DIRECTIONS FOR THIS TASK
In the records below, find the line containing "July, 2090: the" and the line containing "Peach Glamorous Jacquard"; please repeat exactly the lines from one to the other, both included, and nothing more.

RECORDS FOR THIS TASK

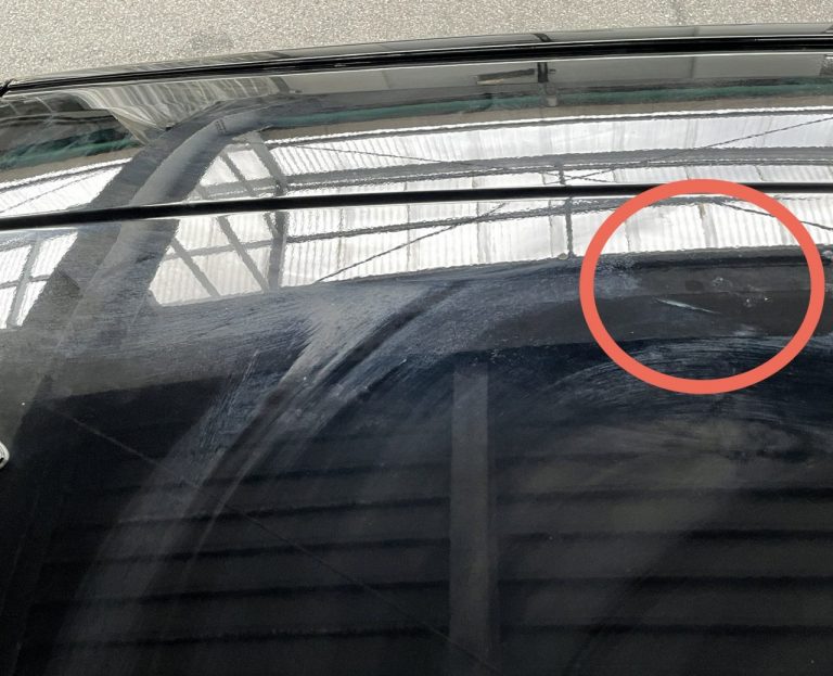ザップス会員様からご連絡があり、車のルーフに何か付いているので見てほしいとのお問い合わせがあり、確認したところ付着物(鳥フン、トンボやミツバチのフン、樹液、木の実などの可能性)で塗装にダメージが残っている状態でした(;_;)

---

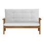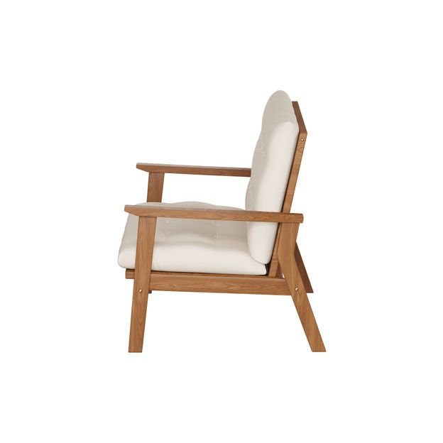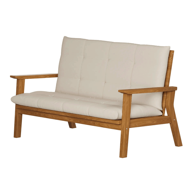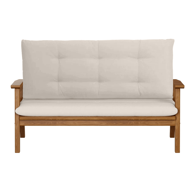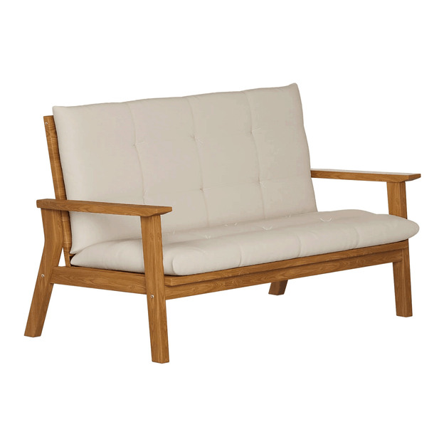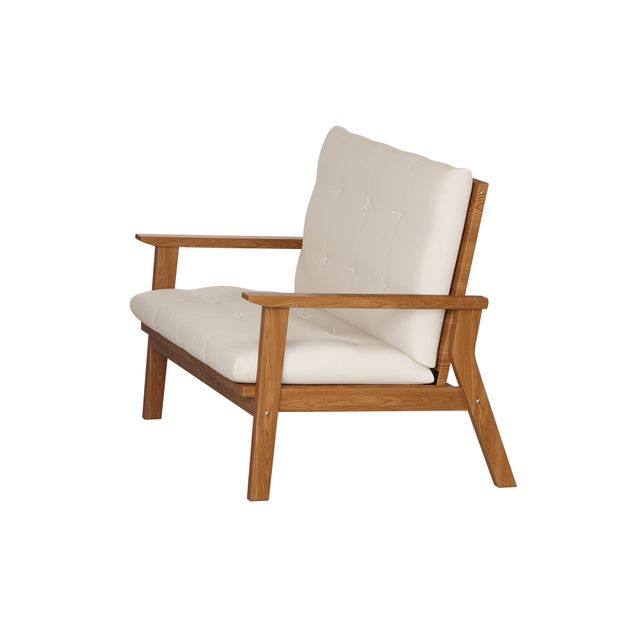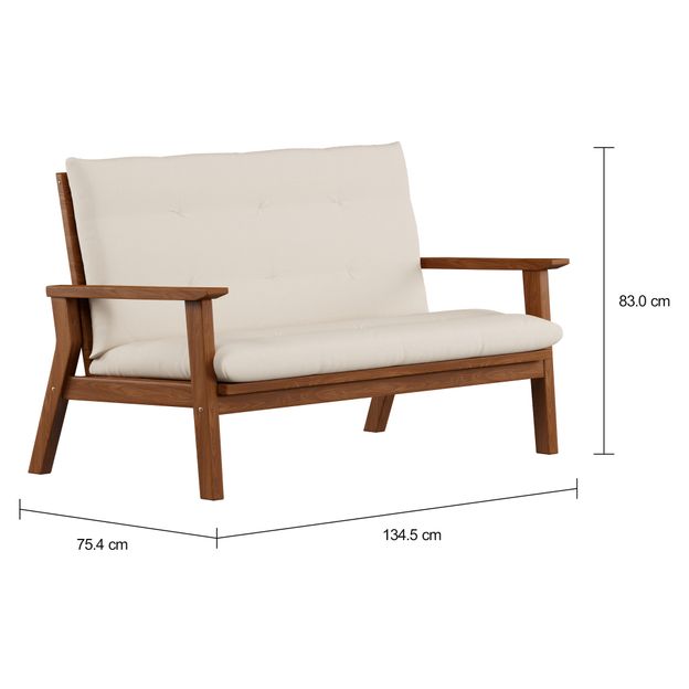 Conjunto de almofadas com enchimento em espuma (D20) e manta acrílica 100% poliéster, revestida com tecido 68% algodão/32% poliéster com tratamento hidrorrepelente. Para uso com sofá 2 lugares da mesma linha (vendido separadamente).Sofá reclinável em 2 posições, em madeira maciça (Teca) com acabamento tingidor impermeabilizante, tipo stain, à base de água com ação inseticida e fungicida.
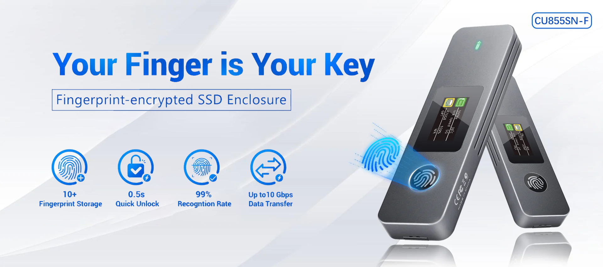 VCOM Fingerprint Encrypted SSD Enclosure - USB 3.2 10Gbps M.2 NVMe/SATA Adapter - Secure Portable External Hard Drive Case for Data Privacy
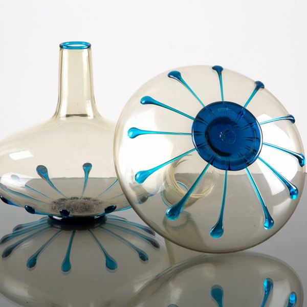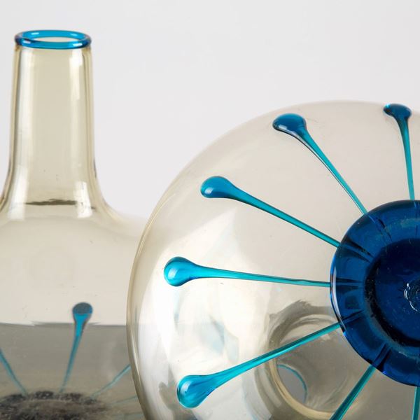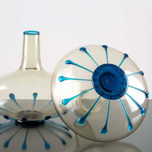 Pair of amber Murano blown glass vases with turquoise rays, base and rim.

* * *

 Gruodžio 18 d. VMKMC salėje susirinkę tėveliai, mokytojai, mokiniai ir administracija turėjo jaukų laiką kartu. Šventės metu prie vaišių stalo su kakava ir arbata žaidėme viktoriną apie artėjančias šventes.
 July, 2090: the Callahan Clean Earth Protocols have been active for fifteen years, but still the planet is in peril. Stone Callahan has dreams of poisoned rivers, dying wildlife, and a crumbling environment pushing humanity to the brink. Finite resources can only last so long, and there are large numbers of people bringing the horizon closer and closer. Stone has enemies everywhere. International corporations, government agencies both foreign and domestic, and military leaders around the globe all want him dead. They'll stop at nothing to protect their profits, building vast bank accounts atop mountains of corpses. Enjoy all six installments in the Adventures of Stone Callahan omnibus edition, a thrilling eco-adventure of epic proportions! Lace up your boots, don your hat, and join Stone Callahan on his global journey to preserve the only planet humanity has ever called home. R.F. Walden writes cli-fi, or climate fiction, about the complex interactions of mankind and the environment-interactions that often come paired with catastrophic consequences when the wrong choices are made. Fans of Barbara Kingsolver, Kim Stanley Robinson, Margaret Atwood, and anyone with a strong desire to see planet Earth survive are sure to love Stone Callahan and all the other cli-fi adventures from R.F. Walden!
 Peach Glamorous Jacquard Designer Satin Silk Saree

YOUR SOLUTION
 July, 2090: the Callahan Clean Earth Protocols have been active for fifteen years, but still the planet is in peril. Stone Callahan has dreams of poisoned rivers, dying wildlife, and a crumbling environment pushing humanity to the brink. Finite resources can only last so long, and there are large numbers of people bringing the horizon closer and closer. Stone has enemies everywhere. International corporations, government agencies both foreign and domestic, and military leaders around the globe all want him dead. They'll stop at nothing to protect their profits, building vast bank accounts atop mountains of corpses. Enjoy all six installments in the Adventures of Stone Callahan omnibus edition, a thrilling eco-adventure of epic proportions! Lace up your boots, don your hat, and join Stone Callahan on his global journey to preserve the only planet humanity has ever called home. R.F. Walden writes cli-fi, or climate fiction, about the complex interactions of mankind and the environment-interactions that often come paired with catastrophic consequences when the wrong choices are made. Fans of Barbara Kingsolver, Kim Stanley Robinson, Margaret Atwood, and anyone with a strong desire to see planet Earth survive are sure to love Stone Callahan and all the other cli-fi adventures from R.F. Walden!
 Peach Glamorous Jacquard Designer Satin Silk Saree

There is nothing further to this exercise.